• _Material provided_
____________________
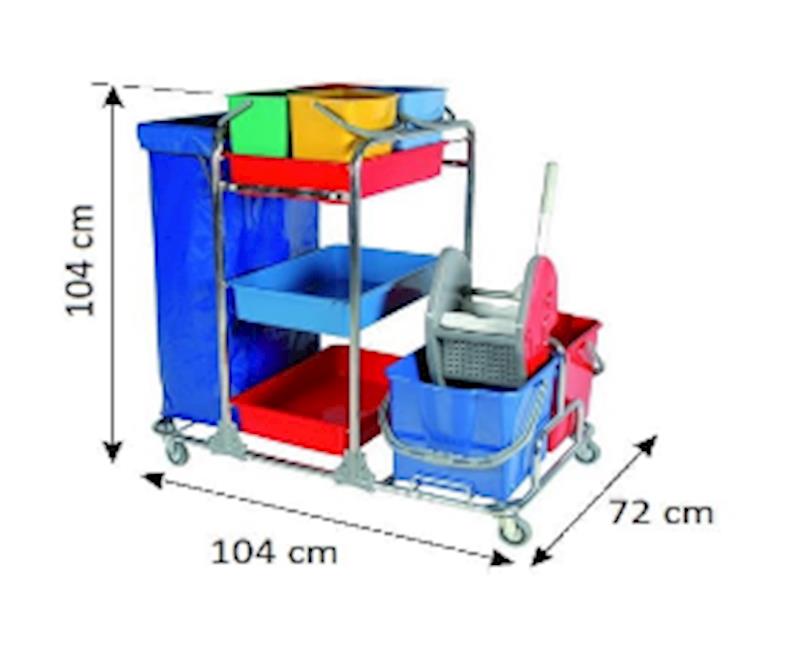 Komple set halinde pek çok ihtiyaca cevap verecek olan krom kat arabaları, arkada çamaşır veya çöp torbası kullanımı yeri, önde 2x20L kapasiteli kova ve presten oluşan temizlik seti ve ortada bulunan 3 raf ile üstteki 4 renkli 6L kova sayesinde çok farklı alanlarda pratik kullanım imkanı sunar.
____________________
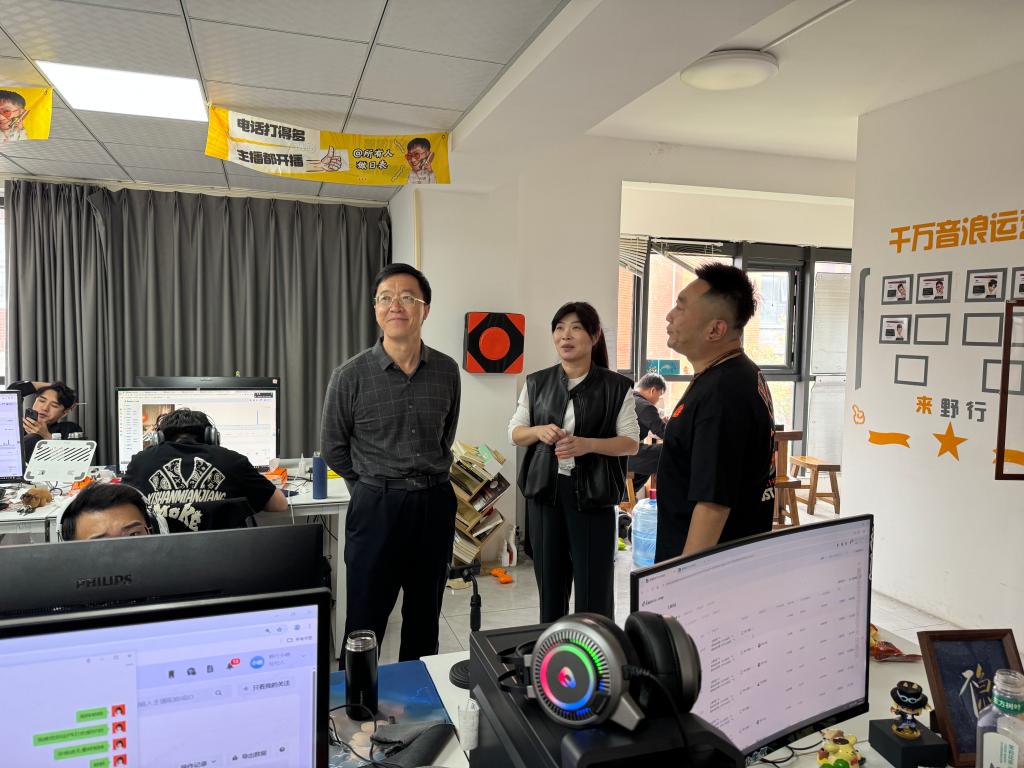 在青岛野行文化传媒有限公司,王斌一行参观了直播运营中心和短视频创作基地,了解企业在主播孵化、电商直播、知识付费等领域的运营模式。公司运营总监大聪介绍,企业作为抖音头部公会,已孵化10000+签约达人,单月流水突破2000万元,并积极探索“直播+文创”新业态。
____________________
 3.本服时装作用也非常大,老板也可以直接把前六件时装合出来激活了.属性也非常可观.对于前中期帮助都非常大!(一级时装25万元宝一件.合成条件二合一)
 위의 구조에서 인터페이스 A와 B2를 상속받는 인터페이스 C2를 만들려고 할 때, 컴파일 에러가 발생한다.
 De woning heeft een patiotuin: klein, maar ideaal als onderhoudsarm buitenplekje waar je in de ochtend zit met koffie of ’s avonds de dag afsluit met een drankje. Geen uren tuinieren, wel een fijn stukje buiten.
____________________
• _Work instructions_
In the data above, which lines lie between the line with "3.本服时装作用也非常大,老" and the line with "De woning heeft", inclusive? Print those lines exactly and nothing else.

• _Solution_
 3.本服时装作用也非常大,老板也可以直接把前六件时装合出来激活了.属性也非常可观.对于前中期帮助都非常大!(一级时装25万元宝一件.合成条件二合一)
 위의 구조에서 인터페이스 A와 B2를 상속받는 인터페이스 C2를 만들려고 할 때, 컴파일 에러가 발생한다.
 De woning heeft een patiotuin: klein, maar ideaal als onderhoudsarm buitenplekje waar je in de ochtend zit met koffie of ’s avonds de dag afsluit met een drankje. Geen uren tuinieren, wel een fijn stukje buiten.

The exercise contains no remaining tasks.